4 red, 2 blue cards; 4 are chosen at random. What is the probability that 2 of the cards will be red?

Because of the 140 character restriction on Twitter, the questions are often highly abbreviated and I actually consider it a "fun" challenge to write the question both concisely and clearly. Of course, as we all know about human interpretation of word problems, "clear" is in the eye of the beholder!

There's no doubt that the question above needs some fleshing out and might appear on the SAT and other standardized tests something like this:

A set of six cards contains four red and two blue cards. If four cards are chosen at random, what is the probability that exactly two of these cards will be red?

I'm sure my astute readers can improve on this wording but we'll leave it at this.

A few questions naturally pop up:

(1) Could this really be an SAT/Standardized Test question? Well, as I state in the video below, a question quite similar to this appeared on the College Board website the other day as the Question of the Day.

(2) For whom is the video intended? Everyone who happens upon it! I certainly wrote it to be helpful to students who will be taking the PSAT/SAT in the near future. Rather than simply presenting a single quick efficient solution, I demo'd 2-3 methods and indicated some important strategies and reviewed key pieces of knowledge to be successful on these harder probability questions. By the way, someone who is comfortable with probability will surely not find this question so formidable, but we're talking here about high school students or even undergraduates who struggle mightily with these.
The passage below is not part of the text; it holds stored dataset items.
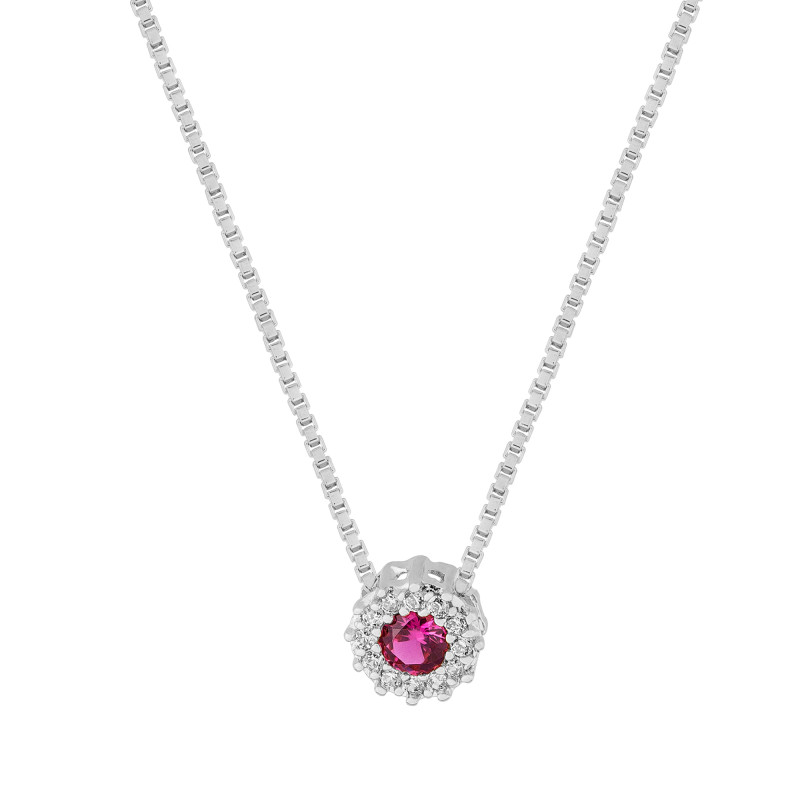Colar Prata Veneziana Ponto de Luz Pink com Zircônias Brancas 00195
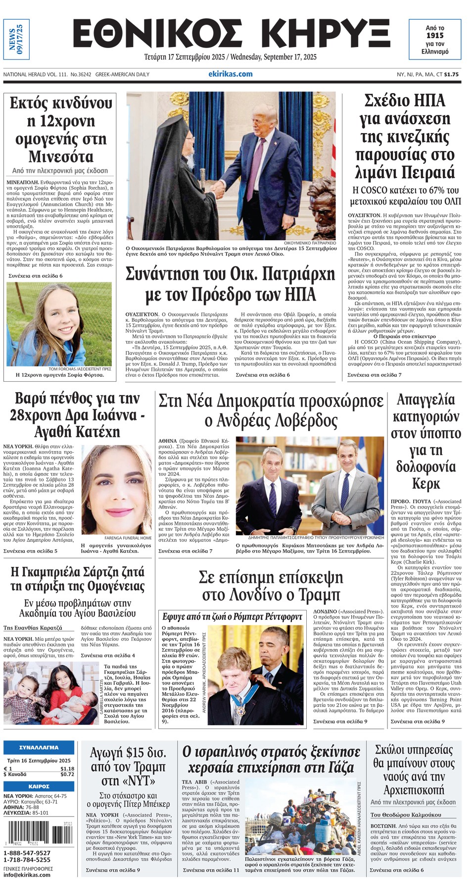 ΕΘΝΙΚΟΣ ΚΗΡΥΞ - 17 Σεπτεμβρίου 2025
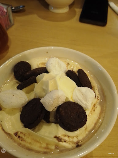 Al llegar todo bien, el ambiente lindo, pero en cuanto nos empezó a atender el chico, nos tomó el pedido, le consulté cuáles eran las "especias" que traía el chocolate caliente ñato y me dijo "mmm no sé, crema.." bueno. Después le dije que quería un roll de chocolate, mi novio pidió otra cosa. Vuelve y me dice que no le quedó el roll, ok, no hay problema, le pedí la carta de vuelta y no tenían más.. le dije que capaz que el QR del servilletero tendría el menú a lo que no sabía, "probá a ver si es.." (evidentemente ni sabría). Le pregunté el tamaño de las "torrejas" y me dijo: "como un pan lactal". Le pedí una cookie. Al rato llegan las bebidas. El café con leche de mi novio estaba súper insulso, mi chocolate en una taza cachada, era recontra espeso, bastante intomable y cuando me puse a tomarlo tenía como cosas duras que no pensaba encontrar (eran las famosas especias que nunca supe qué eran porque no me supieron decir) pero encontrarlas sin esperarlas me dio asco por pensar que podría haber cualquier cosa caída ahí adentro. Le trajeron a mi novio la torreja y era bastante más grande que la rodaja de pan lactal que dijeron. Nunca trajeron mi cookie hasta que después de un buen rato uno de los 3/4 que atendían se acercó y se la tuvimos que pedir. Era un masacote, medio dura. No era rica. La verdad no vuelvo más. El personal se nota que no está informado de lo que venden, la comida no es rica... No sé de dónde salen todas las buenas reseñas porque hoy literalmente me arruinó la merienda que pensaba tomar... (La foto todavía ni tenía la cookie). Nos fuimos yo sin terminar ninguna de las dos cosas, pagando al pedo por una comida que no valió la pena.

(3) I'm hoping that the video will also serve as a catalyst for dialog in your math department. From the inception of this blog, I've never even intimated that a suggested way of explaining a concept, skill or a problem solution is in any way prescriptive. I encourage you to continue using whatever instructional methods have worked for you and to share these with our readers! However, for novice teachers or those who wish to see other approaches, I hope it will have some benefit. Of course, the video is not in a classroom. There are no students asking or being asked questions. There are no interruptions and I have a captive audience (except for my dogs who bark incessantly!).

SOME KEY STRATEGIES/TIPS/FACTS FOR PROBABILITY QUESTIONS

(1) It is highly recommended that students begin by listing 2-3 possible outcomes and to include at least one that is NOT one of the desired outcomes! This will help you to decide on a plan: organized list vs more advanced counting/probability methods. Further, you can ask yourself the key question in all counting/probability problems: DOES ORDER COUNT!

(2) Although it appears difficult for most test-takers to be systematic when making a list under test-taking conditions, preparation is critical here. If one practices several of these in the weeks leading up to the test, the chances of success improve dramatically. Did I just suggest preparation and practice could make a difference!

Where do you find these problems? Any SAT/ACT review book or my Twitter Problems of the Day or my upcoming SAT Challenge Quiz book to name a few sources...

(3) The basic definition of probability should always be in the forefront of your mind:

P(an event) = TOTAL NUMBER OF WAYS FOR THAT EVENT TO OCCUR DIVIDED BY TOTAL NUMBER OF OUTCOMES.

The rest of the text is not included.